Training from a file is the recommended way to run training with RLlib, because you
can just modify the file and run the same command again.
For quick tests and experiments, however, you can directly provide the configuration
via the command line.

### Training from configuration options

By dropping the `file` sub-command, you can directly provide the configuration options
of your experiment as command line arguments.
For instance, to run training with PPO on a CartPole environment, you can use the
following command directly:

```{raw} html

<div class="termynal" data-termynal>
    <span data-ty="input">rllib train --algo PPO --env CartPole-v1 --config {}</span>
</div>

```

The advantage is that you don't need to create a configuration file, but the downside
is that your CLI command can get quite long and complicated.
The `--config` option is used to provide a JSON string that contains the configuration
that you would otherwise put in your YAML or JSON config files.

The `train` command has many more options that we don't discuss in detail here,
but you can use the following dropdown to read more about their definition:

:::{dropdown} Click here to see all `train` command line options
:animate: fade-in-slide-down

The `train` command is fed the following Typer variables, most of them are optional:

```{literalinclude} ../../../rllib/common.py
:language: python
:start-after: __cli_common_start__
:end-before: __cli_common_end__
```

```{literalinclude} ../../../rllib/common.py
:language: python
:start-after: __cli_train_start__
:end-before: __cli_train_end__
```

As you might infer, the set of options roughly splits into two categories, namely
those that are used to configure the training run, and those that are used to configure
your Ray cluster.

:::

Probably the best way to get familiar with `rllib train` is to run
`rllib train --help` and play with your own experiments.
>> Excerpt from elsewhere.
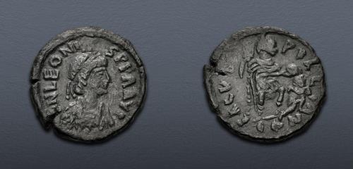 Electronic Auction 534 Lot: 759. Leontius. 695-698. AV Tremissis (15mm, 1.32 g, 6h). Constantinople mint. In ANACS encapsulation 7288706, graded VF 30, bends.

## Evaluating your experiments

Successful training runs generate _checkpoints_ whose performance you can evaluate
with the `rllib evaluate` command.
By default, checkpoints are generated in `~/ray_results/<experiment>/checkpoints/...`,
and you can use can provide the full path to a checkpoint as argument to the evaluate
command.

```{note}
As you've seen earlier, every successful `rllib example run` generates an
`rllib evaluate` command automatically for you from a checkpoint.
The same holds true for `rllib train` runs.
```

If you've run an `rllib train` run locally, you could use such a checkpoint to evaluate
its performance, but for testing purposes you can also evaluate an untrained algorithm
by simply omitting the checkpoint argument:

```{raw} html

<div class="termynal" data-termynal>
    <span data-ty="input"> rllib evaluate --algo PPO --env CartPole-v1</span>
    <span data-ty>Episode #10: reward: 19.1</span>
    <span data-ty>Episode #20: reward: 30.5</span>
    <span data-ty>Episode #30: reward: 19.8</span>
    <span data-ty>Episode #40: reward: 31.2</span>
    <span data-ty>Episode #50: reward: 23.0</span>
</div>

```

Note that the `evaluate` command needs to know about the algorithm and environment
you want to evaluate.
The overall structure of the command itself is slightly simpler than its `train`
counterpart, as there are simply fewer options to configure.
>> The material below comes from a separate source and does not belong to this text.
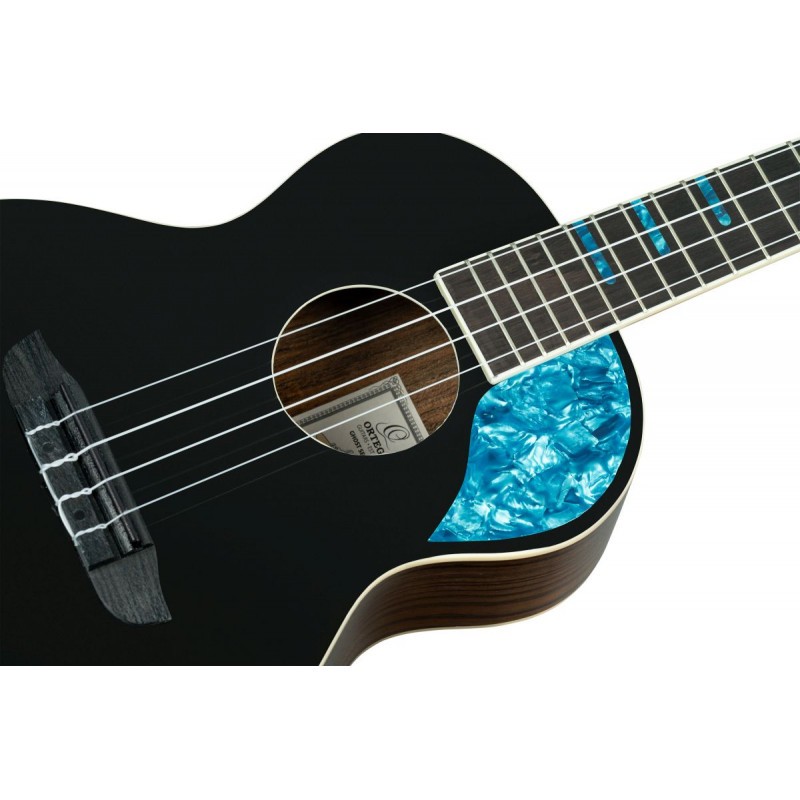 UKELELE 'Le ukulélé GHOST SERIES d'Ortega Guitars séduit par sa table brillante et saisissante. Les plateaux colorés (noir, océan, rouge teint et platine) s'harmonisent à merveille avec la finition brillante du dos et des éclisses en palissandre. En particulier, ce ukulélé présente de superbes incrustations de « barre » en perles bleues et un pickguard en perles bleues, ajoutant une touche d'élégance à son apparence. Le placage de la poupée en palissandre complète l'esthétique générale et complète le magnifique design de l'instrument. Les instruments GostSeries sont livrés avec l'étui professionnel Ortega Guitars. Taille : ténor. Largeur de l'écrou : 35 mm (1,38"). Échelle : 430 mm (16,93"). Taille ténor Table : Epicéa massif, finition brillante Finition : Noir Dos et éclisses : Palissandre, finition brillante Manche : Acajou, finition satinée Placage de tête de manche : Palissandre, finition brillante Touche et chevalet : Palissandre Filet : ABS blanc Sillet et sillet : ABS noir Perle bleue Incrustations « Bar » Plaque de protection « GHOST » Blue Pearl Logo Blue Pearl Dos arqué Goupille de sangle, or Échelle : 430 mm (16,93") Largeur au sillet : 35 mm (1,38") Étui professionnel inclus'

:::{dropdown} See all `evaluation` command line options
:animate: fade-in-slide-down

```{literalinclude} ../../../rllib/common.py
:language: python
:start-after: __cli_eval_start__
:end-before: __cli_eval_end__
```

:::

## Where to go from here?

Now that you know the three basic commands of the RLlib CLI, namely `train`, `evaluate`
and `example`, you have all the tools you need to run simple RLlib experiments from
the command line.

If you want to learn more about the capabilities of RLlib, you have to learn more about
its [Python API](rllib-training-api) and how to
[configure algorithms](rllib-algo-configuration) in the first place.
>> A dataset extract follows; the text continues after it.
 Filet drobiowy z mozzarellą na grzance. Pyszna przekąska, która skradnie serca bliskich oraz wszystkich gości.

[^typer]: The RLlib CLI is built with [Typer](https://typer.tiangolo.com/) and uses
    [Rich](https://rich.readthedocs.io/en/stable/introduction.html) text formatting for
    convenience.

[^formats]: Many of the pre-defined examples are written in YAML,
    but you can also use JSON or Python files.
    The CLI will automatically detect the format of the file you're using.

[^tune]: These stopping conditions are internally picked up by Ray Tune,
    which is used by RLlib under the hood.